Exercise details:
The listing below holds pictures; exclude them. Return exactly the lines from the one with "Am Freitag den" through the one with "वॉल पेंटिंग से".

Material provided:
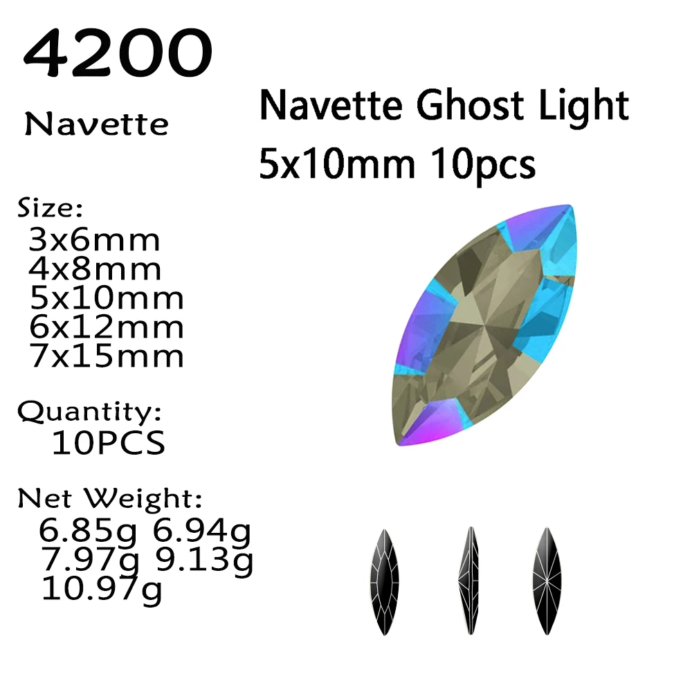 Светлый цвет призрака, лучшее качество Стразы и размер, кристалл без горячей фиксации, зеркальное стекло, блестящие украшения для ногтей
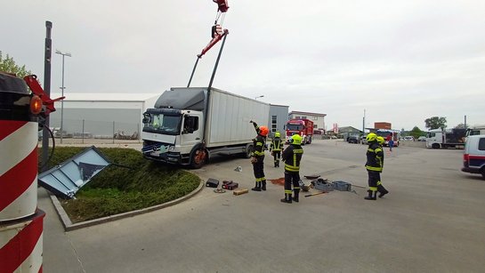 Am Freitag den 9.Mai 2025 alarmierte uns die LWZ um 08:50 Uhr zu einem nicht alltäglichen Einsatz. Ein abgestellter LKW mit Anhänger war aus bislang unbekannter Ursache ins Rollen geraten, überquerte die abschüssige Einfahrt des Kundenparkplatzes der Firma Hütthaler und kam in einer Versickerungsmulde für Regenwasser zum Stillstand. Zum Zeitpunkt des Vorfalls befand sich der Fahrer nicht im Fahrzeug.
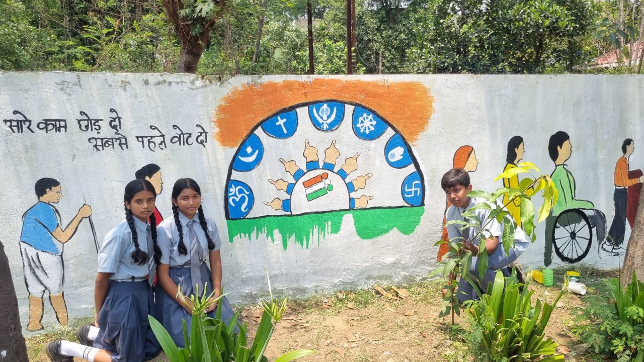 वॉल पेंटिंग से दिया गया शत प्रतिशत मतदान का नारा
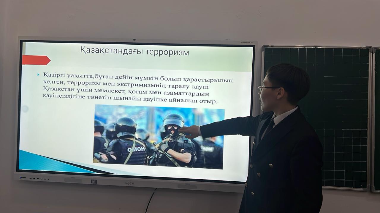 | Ұйымдастыру кезеңі (7 мин) | Бүгінгі тәрбие сағатын «Терроризм – қоғамға төнген қауіп» деп аталатын тақырыппен бастаймыз. Бұл тәрбие сағатында біз бейбіт өмірдің қадірін түсініп, елдің тыныштығы мен қауіпсіздігінің маңызын ой елегінен өткіземіз. Кіріспе өлең жолдары Жаса, елім, жаса нұрлы тірлікпен, Береке құт бірге келсін бірлікпен. Тыныштықты ту еткен Қазақстан, Өркендей бер үшінші мыңжылдықпен. Бейбіт болсын әр таңымыз, ашық аспан – Жерімізде достық мәңгі жасасын! Осымен бүгінгі тәрбие сағатымызды ашық деп жариялаймыз! | Оқушылар мұғаліммен амандасады,түгенделеді. Психологиялық ахуал Оқушылардың пікірі тыңдалады | Компьютер |
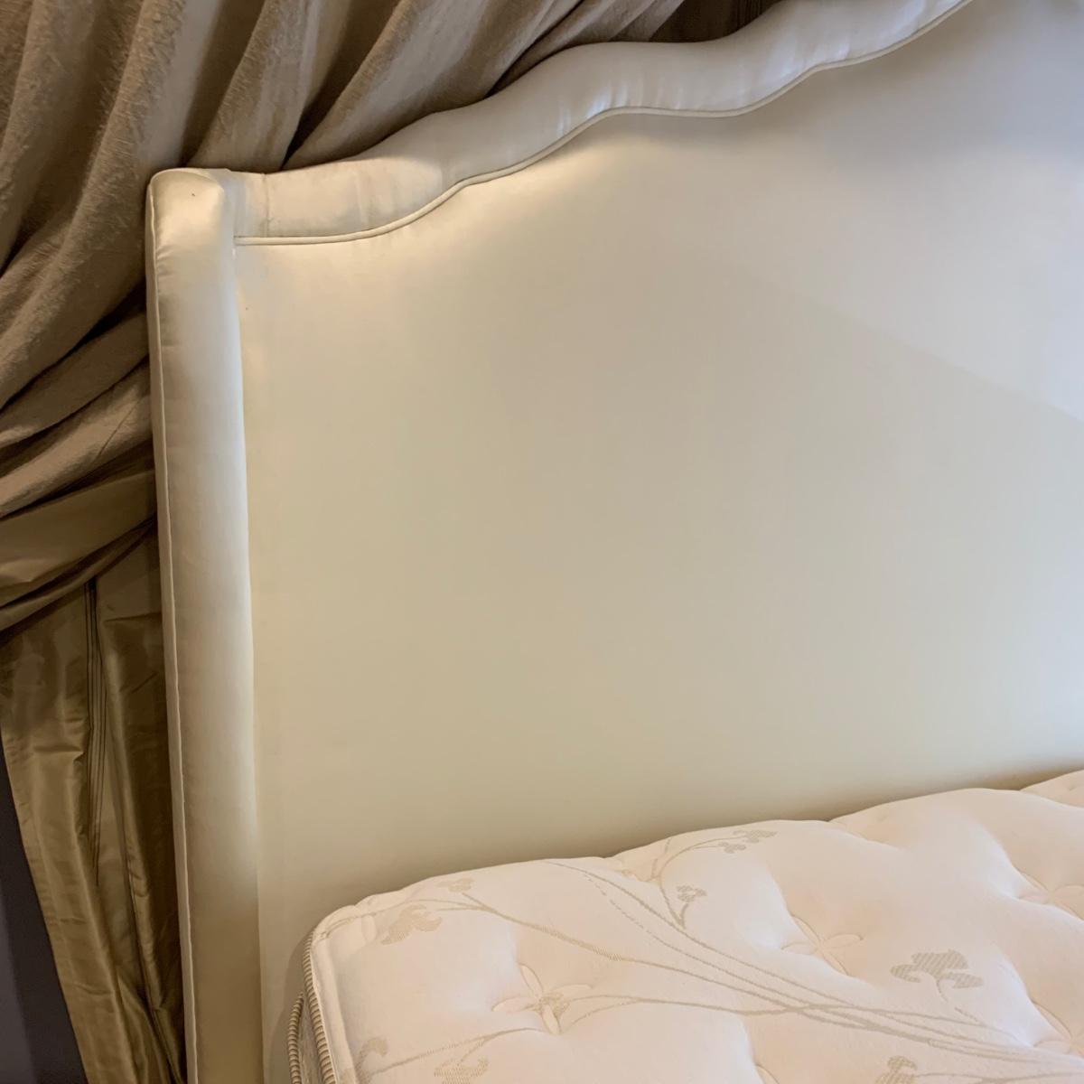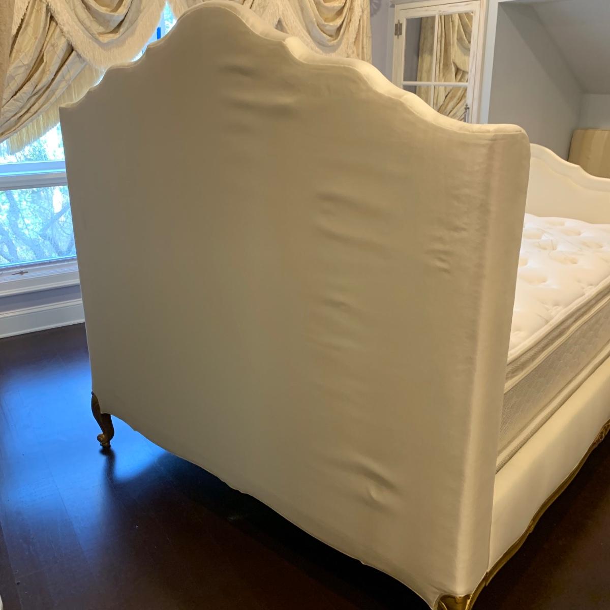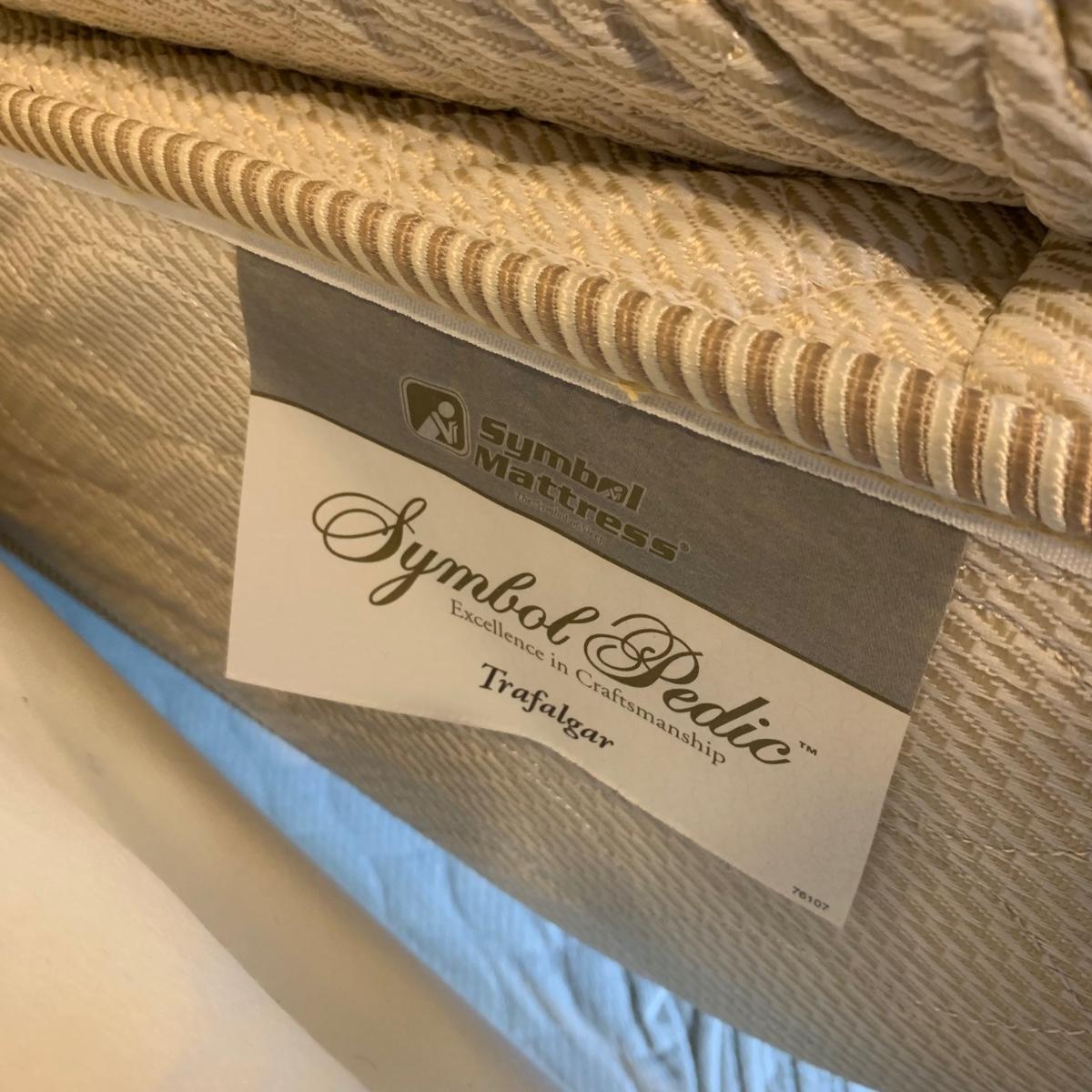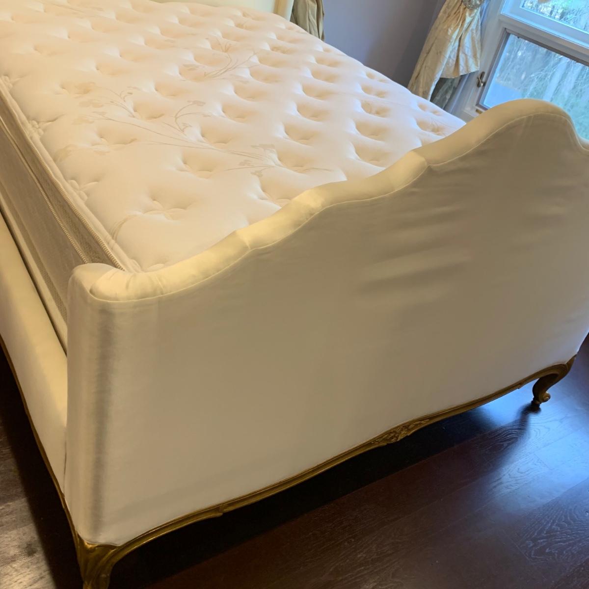 A very regal looking white satin bed frame with a carved wooden base painted gold. Frame measures 66” x 87”. The top of the headboard is 65”H. One stain was noted on the side of the bed; see photos. A Symbol Mattress Symbol-Pedic mattress and box spring are available to the winning bidder if desired, but the winning bidder is not required to take them. The mattress appears to be queen size as it measures approximately 59” x 78”.

Answer area:
 Am Freitag den 9.Mai 2025 alarmierte uns die LWZ um 08:50 Uhr zu einem nicht alltäglichen Einsatz. Ein abgestellter LKW mit Anhänger war aus bislang unbekannter Ursache ins Rollen geraten, überquerte die abschüssige Einfahrt des Kundenparkplatzes der Firma Hütthaler und kam in einer Versickerungsmulde für Regenwasser zum Stillstand. Zum Zeitpunkt des Vorfalls befand sich der Fahrer nicht im Fahrzeug.
 वॉल पेंटिंग से दिया गया शत प्रतिशत मतदान का नारा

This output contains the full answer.